EXHIBIT 99.1
HEADWATERS INCORPORATED ANNOUNCES PROPOSED OFFERING
OF $125 MILLION OF CONVERTIBLE SENIOR SUBORDINATED NOTES
SOUTH JORDAN, UTAH, JANUARY 16, 2007 — HEADWATERS INCORPORATED (NYSE: HW) announced today it intends to offer, subject to market and other conditions, $125 million of convertible senior subordinated notes due 2014 (the “Notes”) in a private placement to qualified institutional buyers pursuant to exemptions from the registration requirements of the Securities Act of 1933. The Notes will mature in 2014 and will bear interest at a rate to be determined. The Notes are expected to pay interest semiannually and will be convertible into cash and, if applicable, shares of Headwaters’ common stock based on a conversion rate to be determined. The Notes may be repurchased, at the option of the holder, prior to maturity upon the occurrence of certain fundamental changes involving Headwaters’ common stock. Headwaters expects to grant an over-allotment option to the initial purchasers for an additional $25 million aggregate principal amount of the Notes.
Concurrently with the pricing of the Notes, Headwaters intends to enter into convertible note hedge and warrant transactions in respect of its common stock with an affiliate of one of the initial purchasers. These transactions are intended to reduce the dilution to Headwaters’ common stock from potential future conversion of the Notes.

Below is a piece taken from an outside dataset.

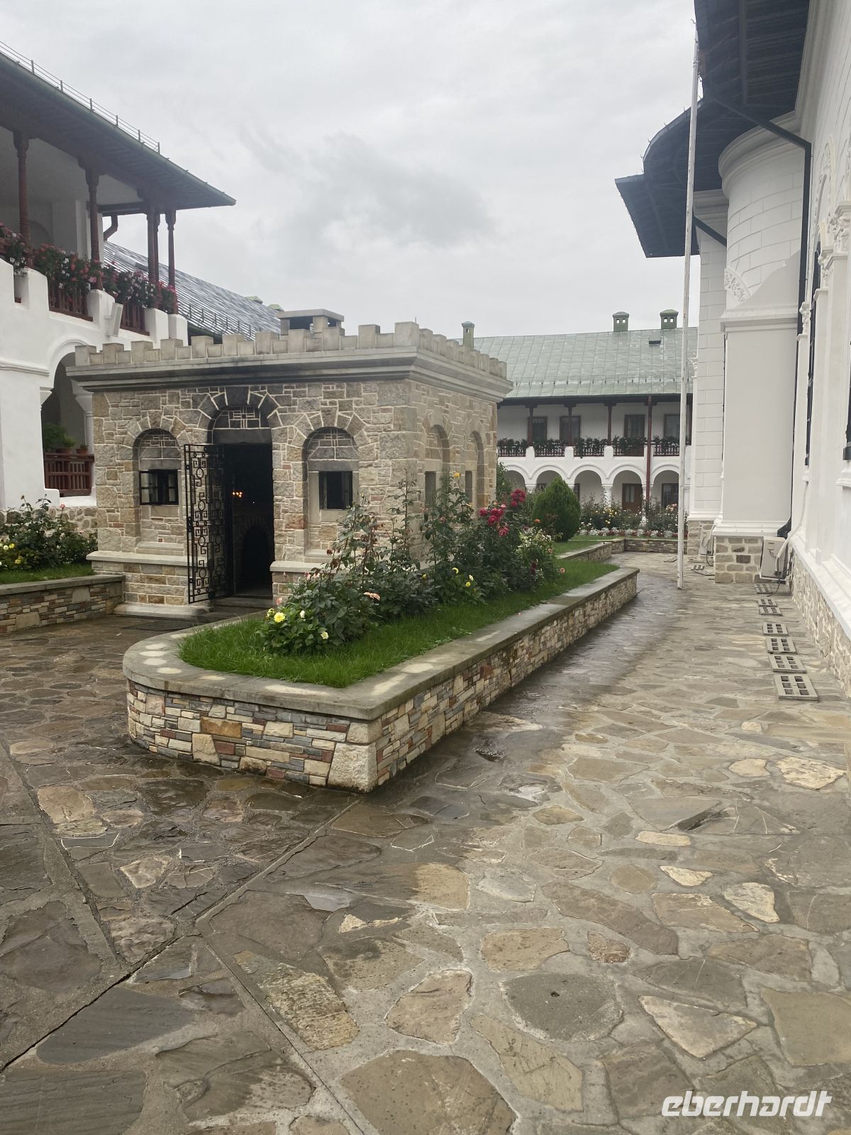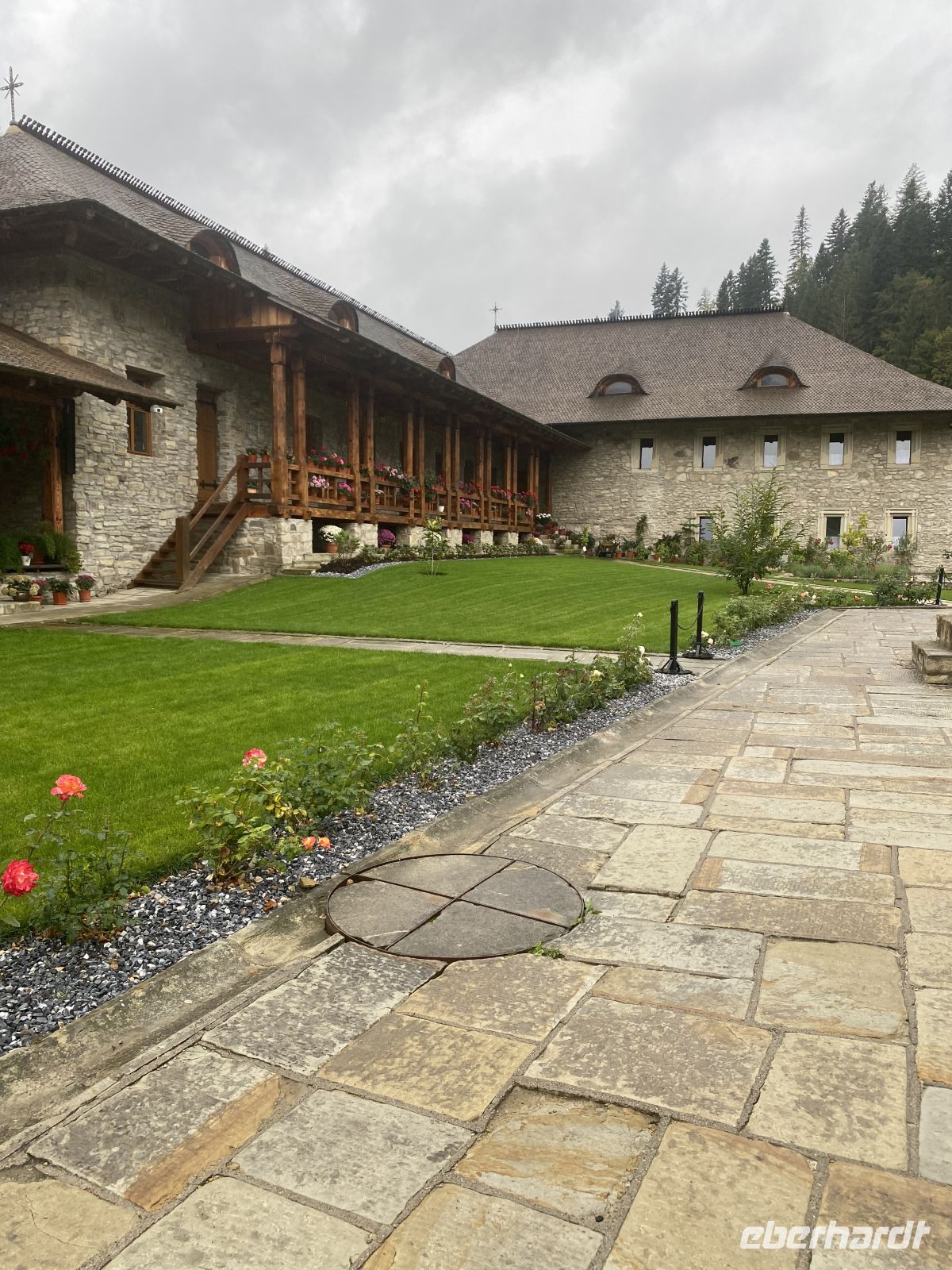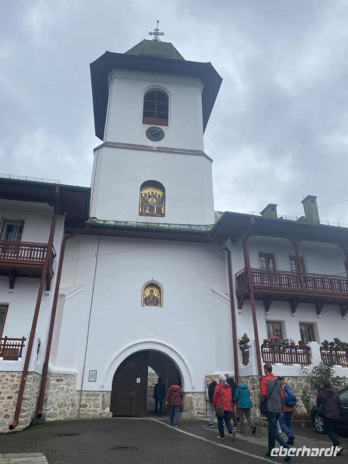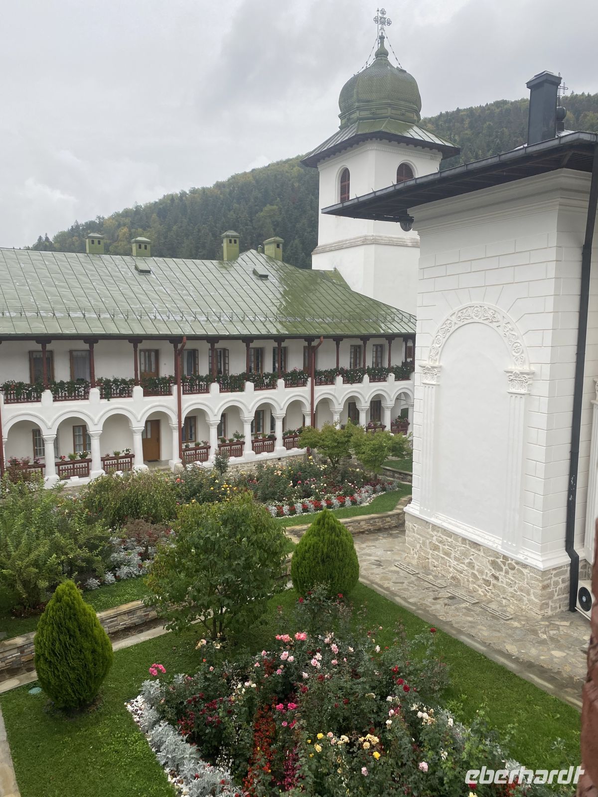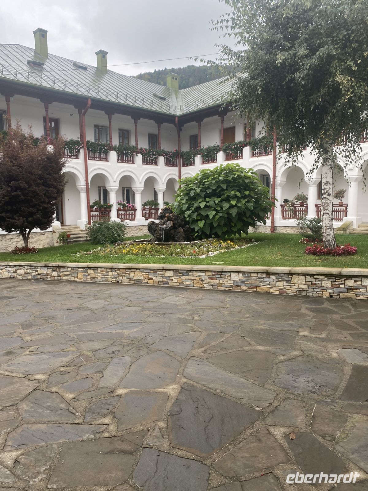 Nach so vielen Eindrücken brauchen wir eine Auszeit und so bestellen wir uns in Targu Neamt Samales mit Polenta, alle sind zufrieden und erfrischt und so widmen wir uns am Nachmittag dem Kloster Agapia. Das Kloster wurde von Gavril Coci, im 17. Jahrhundert gestiftet, im 19. Jahrhundert vollständig erneuert. Der Maler Nicolae Grigorescu malte die Kirche aus, im Klostermuseum kann man auch seine Werke sehen. Das Kloster ist eigentlich ein ganzes Dorf, etwa 300 Nonnen leben hier, sie bewirtschaften das Kloster, sie weben sticken, stricken und malen. Es gibt eine Klosterschule und einen Klosterladen.

In connection with the convertible note hedge and warrant transactions, it is expected that our counterparty to those transactions or its affiliate will enter into various derivative transactions with respect to Headwaters’ common stock concurrently with or shortly after the pricing of the Notes. In addition, such counterparty or its affiliate may enter into, or unwind, various derivatives transactions with respect to Headwaters’ common stock and/or to purchase or sell shares of Headwaters’ common stock in secondary market transactions following the pricing of the notes (and is likely to do so during any observation period related to an exchange of the notes). These activities could have the effect of increasing or preventing a decline in the price of Headwaters’ common stock concurrently with or following the pricing of the Notes.
Headwaters intends to use all of the net proceeds from the offering to repay a portion of its senior secured credit facility.
This press release does not constitute an offer to sell or the solicitation of an offer to buy securities and shall not constitute an offer, solicitation or sale in any jurisdiction in which such offer, solicitation or sale is unlawful. The Notes and any common stock issuable upon conversion of the Notes have not been registered under the Securities Act of 1933 or applicable state securities laws and, unless so registered, may not be offered or sold in the United States except pursuant to an exemption from the registration requirements of the Securities Act and applicable state securities laws.
Except for the historical information contained herein, the matters set forth in this press release, such as statements as to the expected use of net proceeds, are forward-looking statements within the meaning of the “safe harbor” provisions of the Private Securities Litigation Reform Act of 1995. These forward-looking statements are subject to risks and uncertainties that may cause actual results to differ materially, including market and other conditions that may affect Headwaters’ ability to complete the proposed offering and other risks detailed from time to time in Headwaters’ SEC reports. Headwaters disclaims any intent or obligation to update these forward-looking statements.